Der Kostenvoranschlag für die Kapelle belief sich lt. Baubeschreibung auf 3350 RM. Zugrunde gelegt waren dabei 199 cbm umbauter Raum. Der tatsächliche Baupreis belief sich auf rund 5000 RM, wie Vorsitzender Günther Karlstetter anhand fast aller noch vorhandener Rechnungen zum 100jährigen Kapellenjubiläum im Jahr 2002 errechnet hat. Nicht die gesamten Kosten konnten sofort bezahlt werden. Die letzte Rate an einen privaten Kreditgeber wurde nach der Inflation in den zwanziger Jahren zurückgezahlt. Bei 20 Pfennig Jahresbeitrag und rund 100 Vereinsmitgliedern war eine schnellere Darlehenstilgung nicht möglich.

Das Bauwerk wurde in den Sommermonaten des Jahres 1902 fertiggestellt. .

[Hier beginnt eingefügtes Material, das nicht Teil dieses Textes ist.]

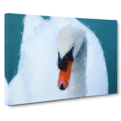 Big Box Art Swan Upon a Green Lake in Abstract Canvas Wall Art Framed Picture Print, 30 x 20 Inch (76 x 50 cm), White, Teal, Blue, Red
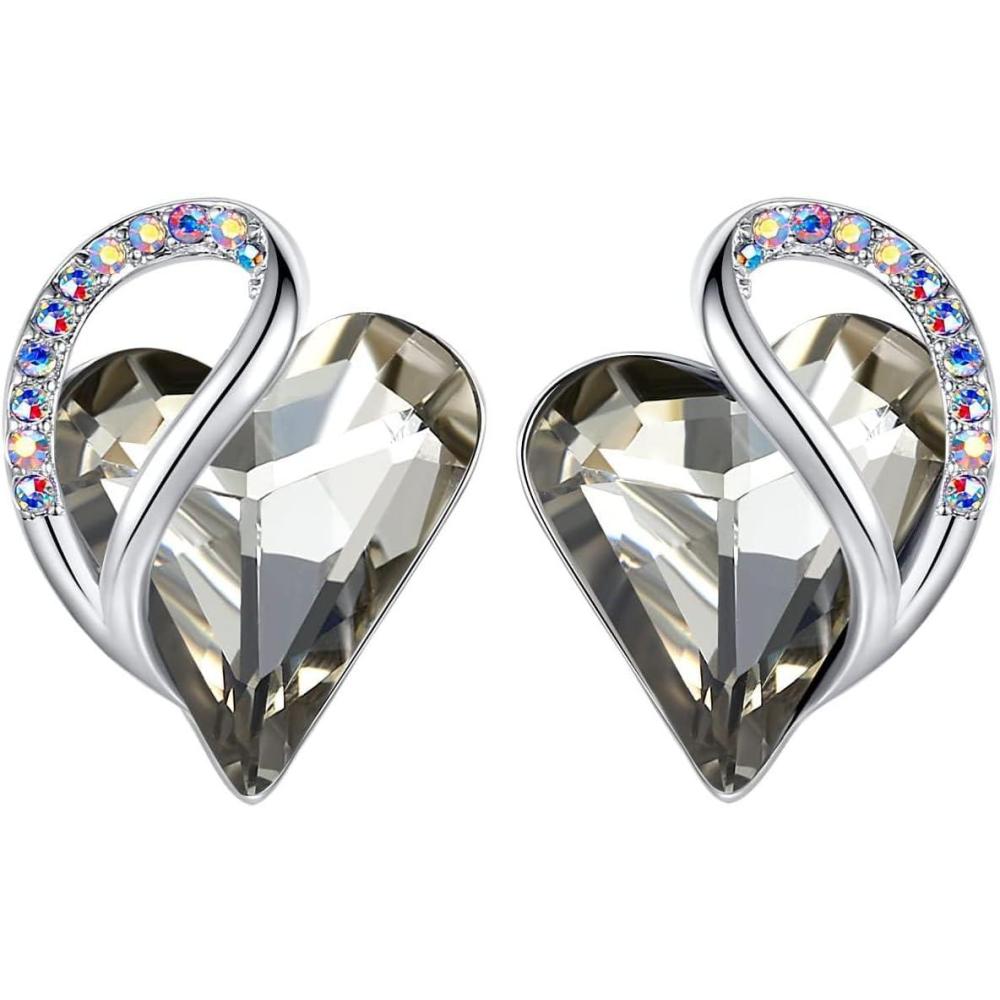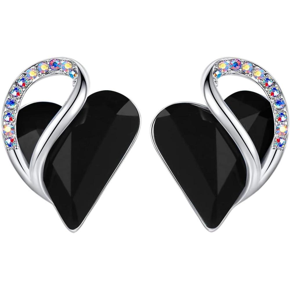Leafael Infinity love Heart Birthstone Stud Earrings for Women, Valentine’s Day Gifts for Mom, Wife, and Her, Silver Plated Birthday Jewelry(14b-Healing Stone for Protection-Clear Black)
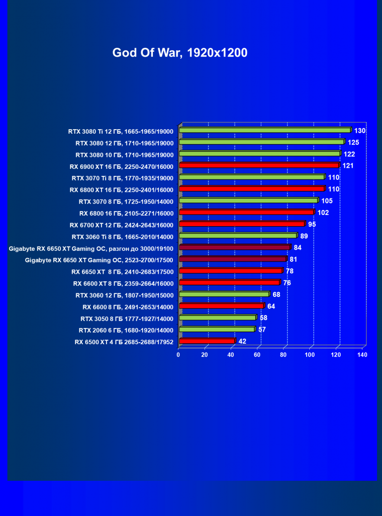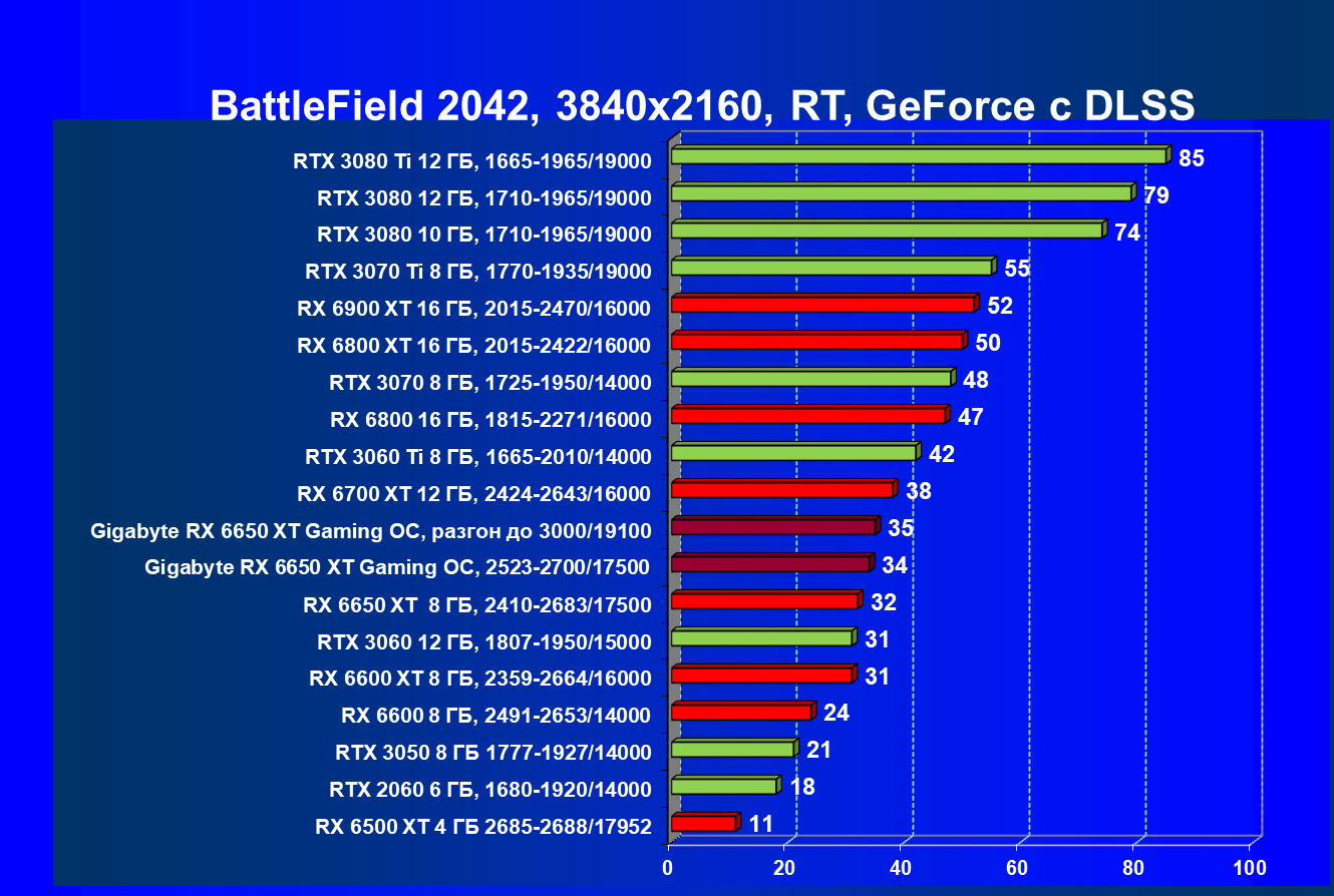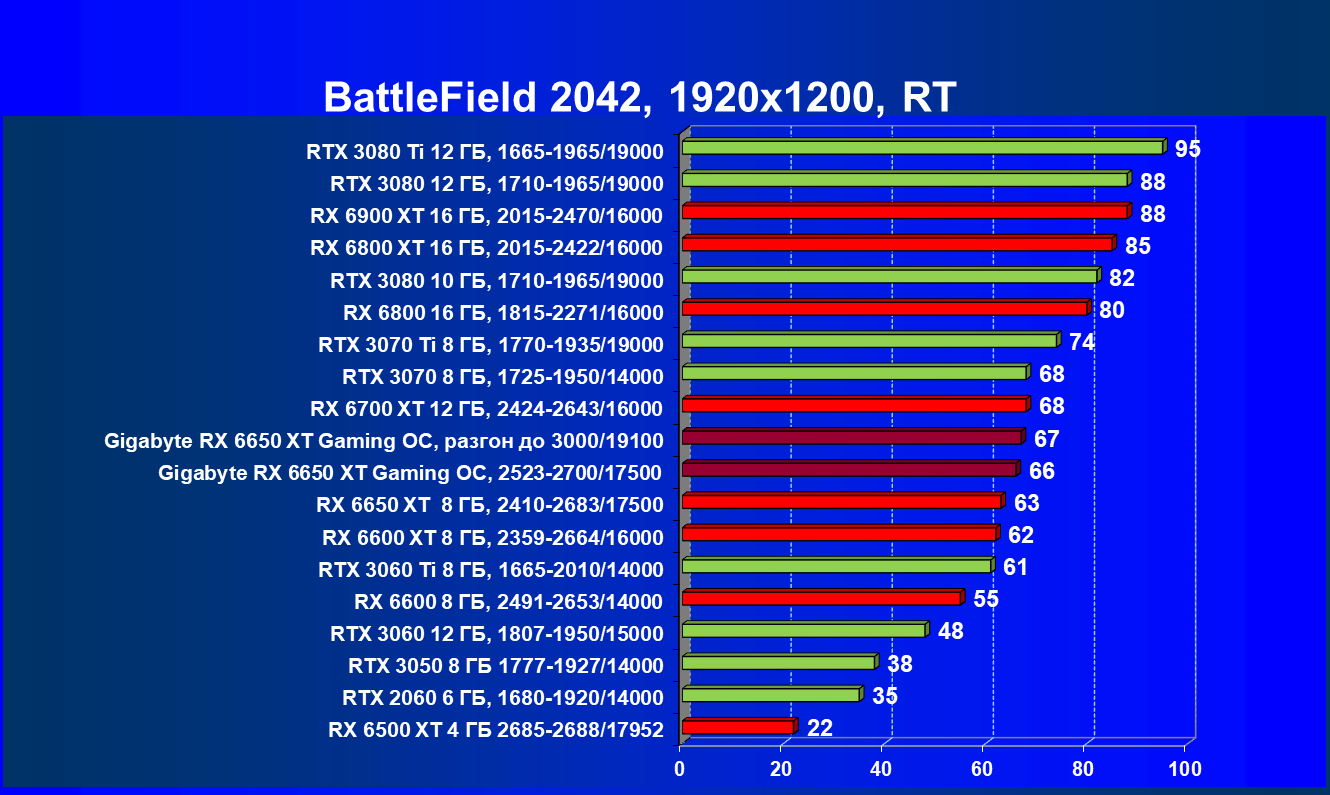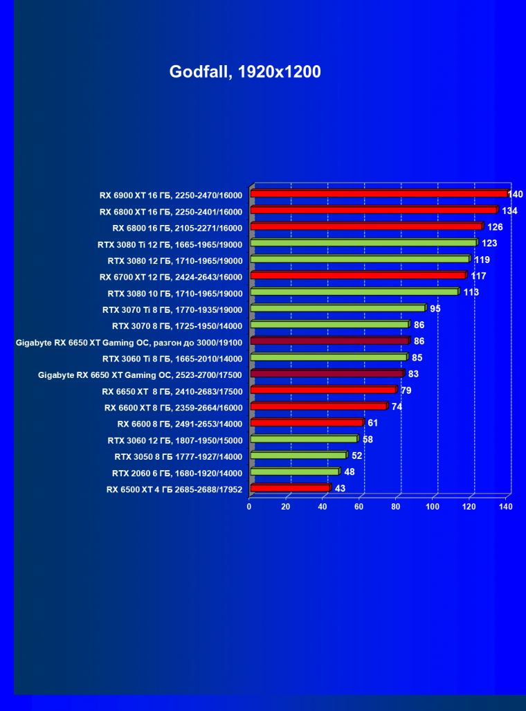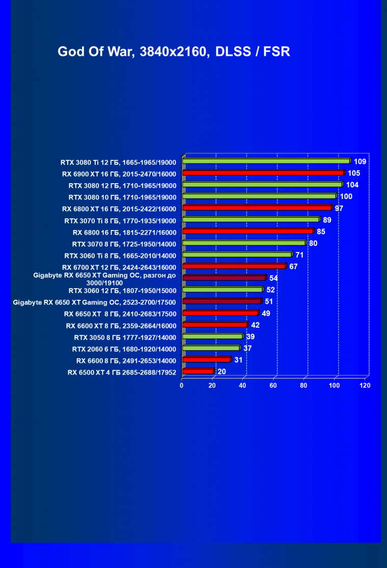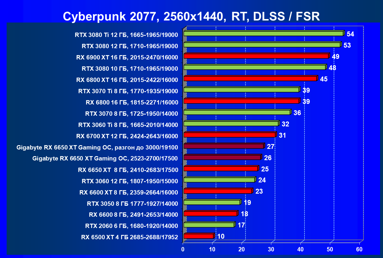 | 11 | Gigabyte RX 6650 XT Gaming OC, разгон до 3000/19100 | 250 | 49 | 51 000 |

Am 8. September 1902 wurde die Kapelle feierlich eingeweiht

Hier einige Passagen aus den Festreden:

Das Vorhaben, des auf der Siegstätte so herrlich erbauten Marienkirchleins, ist unter der Leitung unseres Bürgersohnes, des Herrn Bildhauers Franz Drexler und unter Mitarbeit des Modelleurs Herrn Dechant zu Ende gegangen. Der Bau verdient es,  und ganz besonders die von den beiden Vorgenannten mit seltenem Fleiße errichtete Lourdesgrotte. ein Kunstwerk erster Güte genannt zu werden, weil ein solches in seiner Art innerhalb der Passauer Diözese kaum zu finden ist.

Und weiter heißt es:

Welch fromme Gedanken umwehen diesen schmucken Bau, der sich über das Bildnis Mariens wölbt, das hier in der geheimnisvollen Felsengrotte seinen Platz gefunden hat.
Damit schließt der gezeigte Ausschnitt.